I' am half English and half Irish and ate them in lancashire as a child - but i also ate them in Saudi Arabia in the 1970's - i taught the local arab sandwich bar entrepreneurs to say "muck buttie" (muck being the arabic work for brains).
Ditto on the fish heads ... one of our staples when I was a kid was fish head soup ... I loved the eyeball, when cooked they turn into a small white ball and are as tough as nails, taste kinda chalky, but I always fished (no pun intended) them out of the pot before anyone else could get to them, many, many years later, one of my sisters had boiled up some fish for the cats and I fished out the eyeballs, much to the horror of her kids ... from that day hence I was known on the CB as Fisheye.
My ultimate favourite food is fried brains, something that is impossible to buy these days, but if I get the odd roadkill sheep or deer I will still do it, simply fried with a shake of salt and pepper is the best way IMHO and they also make a superb sandwich spread.

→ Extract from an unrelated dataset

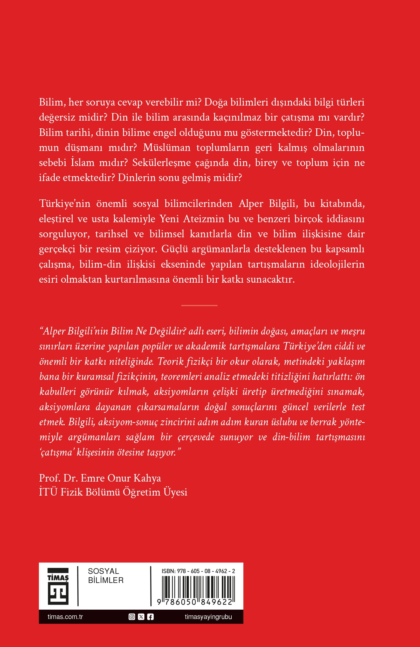 Bilim, her soruya cevap verebilir mi? Doğa bilimleri dışındaki bilgi türleri değersiz midir? Din ile bilim arasında kaçınılmaz bir çatışma mı vardır? Bilim tarihi, dinin bilime engel olduğunu mu göstermektedir? Din, toplumun düşmanı mıdır? Müslüman toplumların geri kalmış olmalarının sebebi İslam mıdır? Sekülerleşme çağında din, birey ve toplum için ne ifade etmektedir? Dinlerin sonu gelmiş midir? Türkiye’nin önemli sosyal bilimcilerinden Alper Bilgili, bu kitabında, eleştirel ve usta kalemiyle Yeni Ateizmin bu ve benzeri birçok iddiasını sorguluyor, tarihsel ve bilimsel kanıtlarla din ve bilim ilişkisine dair gerçekçi bir resim çiziyor. Güçlü argümanlarla desteklenen bu kapsamlı çalışma, bilim-din ilişkisi ekseninde yapılan tartışmaların ideolojilerin esiri olmaktan kurtarılmasına önemli bir katkı sunacaktır. “Alper Bilgili’nin Bilim Ne Değildir? adlı eseri, bilimin doğası, amaçları ve meşru sınırları üzerine yapılan popüler ve akademik tartışmalara Türkiye’den ciddi ve önemli bir katkı niteliğinde. Teorik fizikçi bir okur olarak, metindeki yaklaşım bana bir kuramsal fizikçinin, teoremleri analiz etmedeki titizliğini hatırlattı: ön kabulleri görünür kılmak, bu aksiyomların çelişki üretip üretmediğini sınamak, aksiyomlara dayanan çıkarsamaların doğal sonuçlarını güncel verilerle test etmek. Bilgili, aksiyom-sonuç zincirini adım adım kuran üslubu ve berrak yöntemiyle argümanları sağlam bir çerçevede sunuyor ve din-bilim tartışmasını ‘çatışma’ klişesinin ötesine taşıyor.” Prof. Dr. Emre Onur Kahya İTÜ Fizik Bölümü Öğretim Üyesi

I've eaten squirrel, but it was disgusting (or very badly cooked.) Goat is nice if the fat is trimmed off before cooking.
I'm ¼ irish (father) ½ Scottish (father & mother) and ¼ Lithuanian (mother's parents) extremely adventurous when it comes to food but will never eat tripe again ... didn't mind the taste but hated the texture with a vengeance for some reason.
Escargo and frogs legs I have also eaten, I get them from a chinese supermarket in Dundee.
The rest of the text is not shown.